**Problem to work on:** Set down exactly the lines below between the line holding "图为:2016年9月23日,党和国家领导" and the line holding "Pacific Play Tent", inclusive; no other line belongs in the answer.
(Dataset excerpts begins)
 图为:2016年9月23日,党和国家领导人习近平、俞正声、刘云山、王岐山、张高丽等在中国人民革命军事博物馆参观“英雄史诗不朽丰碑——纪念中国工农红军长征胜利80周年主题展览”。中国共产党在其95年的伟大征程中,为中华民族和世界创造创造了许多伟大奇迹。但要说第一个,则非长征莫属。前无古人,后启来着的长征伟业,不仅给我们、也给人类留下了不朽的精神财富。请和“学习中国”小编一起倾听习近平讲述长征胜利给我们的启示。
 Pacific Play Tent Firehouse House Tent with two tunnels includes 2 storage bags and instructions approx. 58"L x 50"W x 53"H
(Dataset excerpts ends)
(Dataset excerpts begins)
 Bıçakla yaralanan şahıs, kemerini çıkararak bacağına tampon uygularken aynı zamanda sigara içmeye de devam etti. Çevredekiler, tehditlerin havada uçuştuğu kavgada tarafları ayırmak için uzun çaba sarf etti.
(Dataset excerpts ends)
(Dataset excerpts begins)
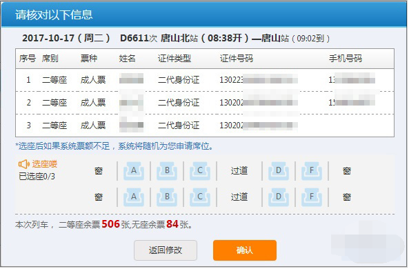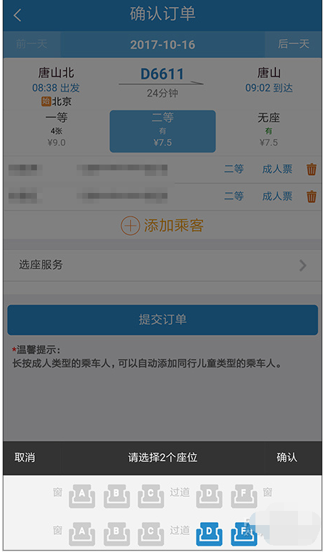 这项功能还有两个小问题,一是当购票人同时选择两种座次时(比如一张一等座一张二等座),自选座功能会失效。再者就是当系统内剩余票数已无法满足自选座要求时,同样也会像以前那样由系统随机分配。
(Dataset excerpts ends)
**Result of this task:**
 图为:2016年9月23日,党和国家领导人习近平、俞正声、刘云山、王岐山、张高丽等在中国人民革命军事博物馆参观“英雄史诗不朽丰碑——纪念中国工农红军长征胜利80周年主题展览”。中国共产党在其95年的伟大征程中,为中华民族和世界创造创造了许多伟大奇迹。但要说第一个,则非长征莫属。前无古人,后启来着的长征伟业,不仅给我们、也给人类留下了不朽的精神财富。请和“学习中国”小编一起倾听习近平讲述长征胜利给我们的启示。
 Pacific Play Tent Firehouse House Tent with two tunnels includes 2 storage bags and instructions approx. 58"L x 50"W x 53"H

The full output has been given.